You don't even have to install a complex program with many dependencies that will have to read a folder (the repository) with maybe thousands of files, hoping that they are all fully functional.

There are also many great features for backup, I mention only the greatest.
The ZPAQ file is "in addition", it is never modified

So rsync --append will copy only the portion actually added, for example on ssh tunnel to a remote server, or local NAS (QNAP etc) with tiny times.
TRANSLATION
You can pay ~$4 a month for 1TB cloud-storage-space to store just about everything

You don't have to copy or synchronize let's say 700GB of tar.gz,7z or whatever, but only (say) the 2GB added in the last copy, the first 698GB are untouched.

This opens up the concrete possibility of using VDSL connections (upload ~ 2/4MB /s) to backup even virtual servers of hundreds of gigabytes in a few minutes.

In this (accelerated) video the rsync transfer of 2 remote backups: "standard" .zpaq archive (file level) AND zfsbackup (bit-level) for a small real-world server 1 day-update of work

download.mp4

Bonus: for a developer it's just like a "super-git-versioning"

In the makefile just put at top a zpaq-save-everything and you will keep all the versions of your software, even with libraries, SQL dump etc. A single archive keeps everything, forever, with just one command (or two, for verify)

Defects?

Some.

The main one is that the listing of files is not very fast, when there are many versions (thousands), due to the structure of the archiver-file-format. I could get rid of it, but at the cost of breaking the backward compatibility of the file format, so I don't want to. On 52+ there is a workaround (-filelist)

It is not the fastest tool out there, with real world performance of 80-200MB/s (depending on the case and HW of course).
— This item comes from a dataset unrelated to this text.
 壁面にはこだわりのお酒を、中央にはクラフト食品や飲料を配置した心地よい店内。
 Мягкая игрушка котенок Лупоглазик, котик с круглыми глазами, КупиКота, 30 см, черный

Not a big deal for me (I have very powerful HW, and/or run nightly cron-tasks)

Extraction can require a number of seeks (due to various deduplicated blocks), which can slow down extraction on magnetic disks (but not on SSDs).
If you have plenty of RAM now it is possible to bypass with the w command

No other significant ones come to mind, except that it is known and used by few

Very hard to use?
It is a tool for power users and administrators, who are used to the command line. A text-based GUI is being developed to make data selection and complex extraction easier (!).

In this example we want to extract all the .cpp files as .bak from the 1.zpaq archive. This is something you typically cannot do with other archives such as tar, 7z, rar etc.
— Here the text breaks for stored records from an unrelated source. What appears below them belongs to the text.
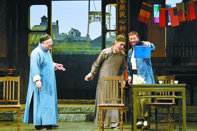 新版《茶馆》中,常四爷(右一)向松二爷、王利发(左一)展示自己养的鸟儿。李春光摄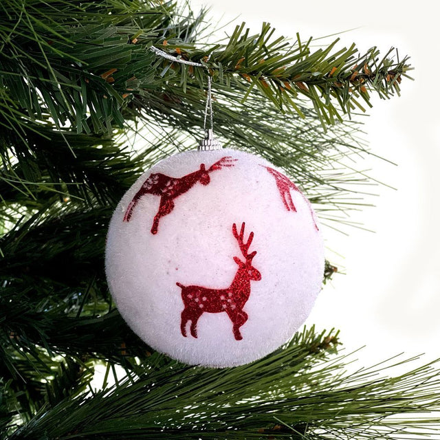 🦌 Esfera Red Deer 8 cm – Blanca con Renos Rojos en Glitter
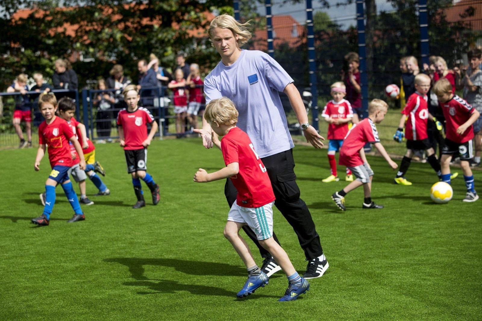 O avançado dinamarquês venceu o prémio de Talento do Ano — também conhecido como prémio Johan Cruyff — nos Países Baixos em 2017, quando jogava pelo Ajax e, como recompensa, recebeu o direito a construir um relvado sintético num local à sua escolha. Altruísta, não pensou duas vezes quando escolheu Voel, pequena vila dinamarquesa de onde é natural, como o sítio onde queria fazer a diferença.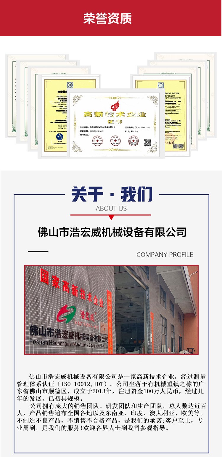 Foshan Haohongwei Machinery Equipment Co., Ltd企业会员No.1Year

With a "sort of" WYSIWYG 'composer'

First f key (find) and entering .cpp
Then s (search) every .cpp substring
Then r (replace) with .bak
Then t (to) for the z:\example folder
Finally x to run the extraction

gui.mp4

I do not trust you, but I am becoming curious. So?

On FreeBSD you can try to build the port (of paq, inside archivers) but it is very, very, very old (v 6.57 of 2014)
You can get a "not too old" zpaqfranz with a pkg install zpaqfranz

On OpenBSD pkg_add zpaqfranz is usually rather updated

On Debian there is a zpaq 7.15 package, and starting with Debian 13 zpaqfranz is available too.
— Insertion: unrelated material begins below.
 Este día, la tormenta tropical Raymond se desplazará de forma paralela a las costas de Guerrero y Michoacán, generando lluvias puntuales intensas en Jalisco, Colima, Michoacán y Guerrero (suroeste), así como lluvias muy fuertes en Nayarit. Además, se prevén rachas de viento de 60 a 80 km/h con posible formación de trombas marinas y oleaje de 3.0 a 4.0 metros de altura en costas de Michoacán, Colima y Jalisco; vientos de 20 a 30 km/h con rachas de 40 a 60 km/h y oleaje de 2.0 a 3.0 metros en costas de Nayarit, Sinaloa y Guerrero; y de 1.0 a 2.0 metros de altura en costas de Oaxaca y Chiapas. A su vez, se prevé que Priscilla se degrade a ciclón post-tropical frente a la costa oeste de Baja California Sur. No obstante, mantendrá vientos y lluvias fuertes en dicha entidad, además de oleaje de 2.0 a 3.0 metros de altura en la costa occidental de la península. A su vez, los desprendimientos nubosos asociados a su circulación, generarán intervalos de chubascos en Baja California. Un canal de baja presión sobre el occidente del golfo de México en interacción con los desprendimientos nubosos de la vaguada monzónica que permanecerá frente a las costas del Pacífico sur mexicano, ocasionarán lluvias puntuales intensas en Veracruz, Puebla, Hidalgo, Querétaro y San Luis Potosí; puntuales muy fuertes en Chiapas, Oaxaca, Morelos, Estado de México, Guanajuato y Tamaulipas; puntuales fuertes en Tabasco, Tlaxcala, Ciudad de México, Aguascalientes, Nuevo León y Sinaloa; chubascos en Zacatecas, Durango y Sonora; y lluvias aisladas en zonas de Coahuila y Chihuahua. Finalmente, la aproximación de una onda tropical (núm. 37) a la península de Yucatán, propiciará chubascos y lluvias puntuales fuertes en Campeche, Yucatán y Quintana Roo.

You can download the original version (7.15 of 2016) directly from the author's website, and compile it, or get the same from github.
In this case be careful, because the source is divided into 3 source files, but nothing difficult for the compilation.

OK, let's assume I want to try out zpaqfranz. How?

From branch 51 all source code is merged in one zpaqfranz.cpp aiming to make it as easy as possible to compile on "strange" systems (NAS, vSphere etc).
Updating, compilation and Makefile are now trivial.

How to build

My main development platforms are INTEL Windows (non-Intel Windows (arm) currently unsupported) and FreeBSD.

I rarely use Linux or MacOS or whatever (for compiling), so fixing may be needed.

As explained the program is single file, be careful to link the pthread library.
You need it for ESXi too, even if it doesn't work. Don't be afraid, zpaqfranz knows!